I shall now turn to some remarks that Mr. Edgeworth has made, and I do say, that he has not attempted to answer a single argument brought forward by Mr. Tottenham. The Rev. gentleman has brought against us the charge of having used ridicule and scorn" against the doctrine of Transubstantiation; and he appears to think this a very unscriptural, if not anti-scriptural, mode of handling the doctrine. I think it, however, a very scriptural method, perfectly scriptural, as I can prove from reading two or three verses of the word of God. If the Rev. gentleman will turn with me to the 3rd book of Kings, the 18th chapter, and 26th and following verses, he will there read-

"And they took the bullock which he gave them and dressed it: and they called upon the name of Baal from morning even till ncon, saying, O Baal, But there was no voice, nor any that answered: and they leaped over the altar that they had made."

hear us.

We might apply the same language to the wafer on the altars of Roman Catholic Chapels; we may cry to it very long before it will hear us

"And when it was now noon, Elias JESTED AT THEM, saying: Cry with a louder voice, for he is a god, and perhaps he is talking, or is in an inn, or on a journey, or perhaps he is asleep and must be awaked."

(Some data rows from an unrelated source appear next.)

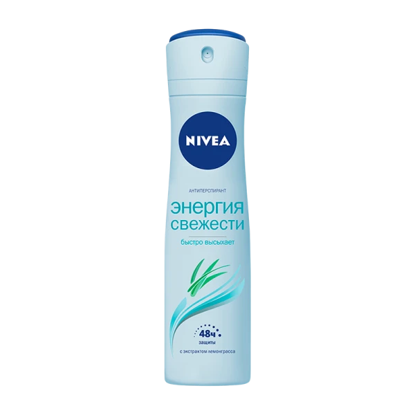 Дезодорант-антиперспирант спрей для женщин NIVEA «Энергия свежести» подарит Вам ощущение бодрящей свежести, которое Вы будете чувствовать весь день. Благодаря специальной формуле с экстрактом лемонграсса, антиперспирант эффективно контролирует уровень потоотделения в течение 48 часов. Антиперспирант быстро высыхает, не оставляя ощущения липкости на коже. Не оставляет следов на одежде. Без этилового спирта в составе.
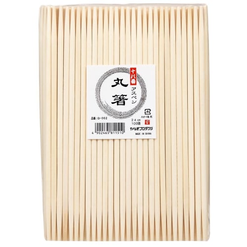 Juhachiban Aspen Round Chopsticks, 24cm, 100 Pairs, Pre-broken, Q-062
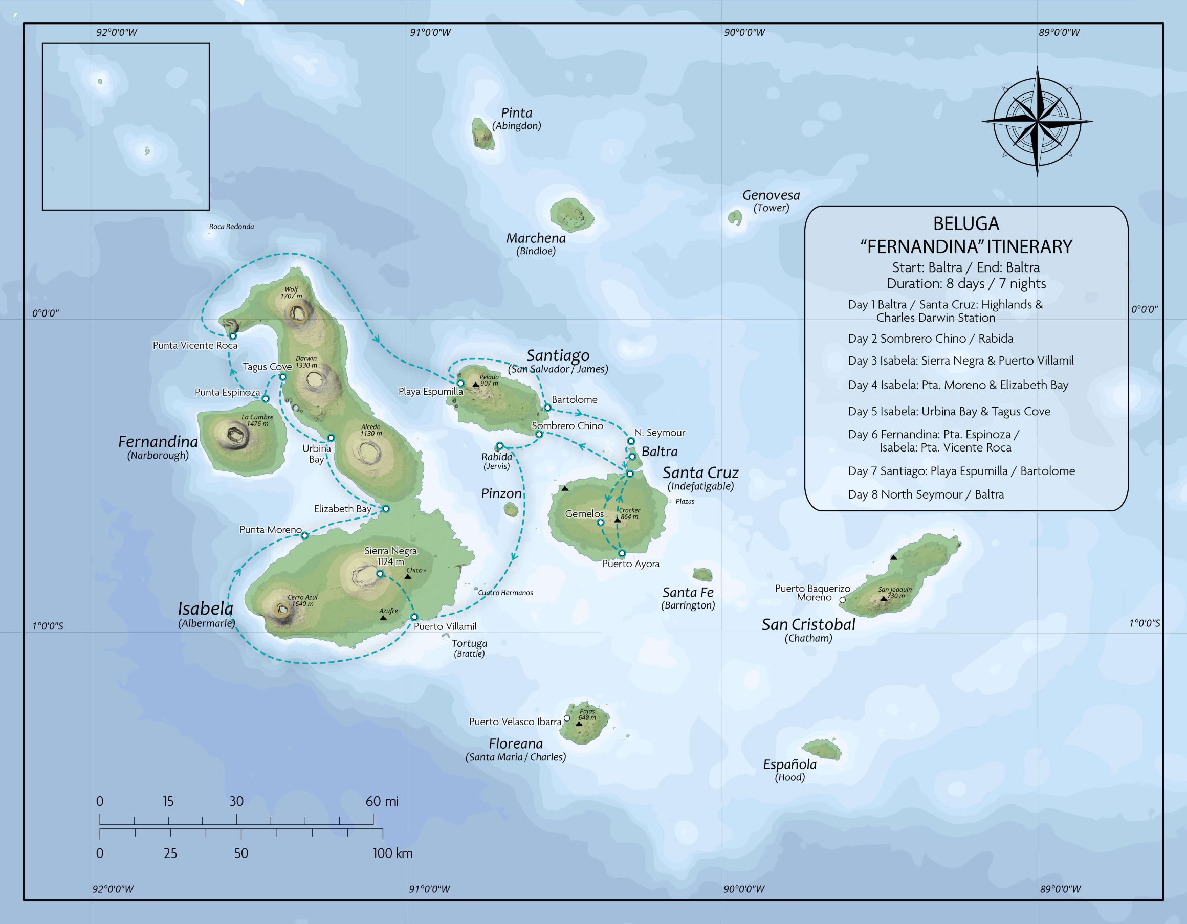 The Beluga yacht trip “Fernandina” itinerary focuses on the Central and Western Islands, including visits to Western Isabela and Fernandina Island, two highlights of the Galapagos Islands.

Here is strong irony, deeply-cutting sarcasm, against the prophets of Baal. In the book of the Prophet Isaiah, 44th chapter, 12th verse, it is written

"The smith bath wrought with his file, with coals, and with hammers he hath formed it, and hath wrought with the strength of his arm: he shall hunger and faint, he shall drink no water, and shall be weary. The carpenter hath stretched out his rule, he hath formed it with a plane he hath made it with corners, and hath fashioned it round with the compass, &c. And it hath served men for fuel he took thereof, and warmed himself: and he kindled it, and BAKED BREAD: BUT OF THE REST HE MADE A GOD, AND ADORED IT; he made a graven thing, and bowed down before it. Part of it he burnt with fire, and with part of it he dressed his meat: he boiled pottage, and was filled and was warmed, and said: Aha, I am warm, I have seen the fire. But the residue thereof he made a god, and a graven thing for himself: he boweth down before it, and adoreth it, and prayeth unto it, saying: Deliver me for thou art my God.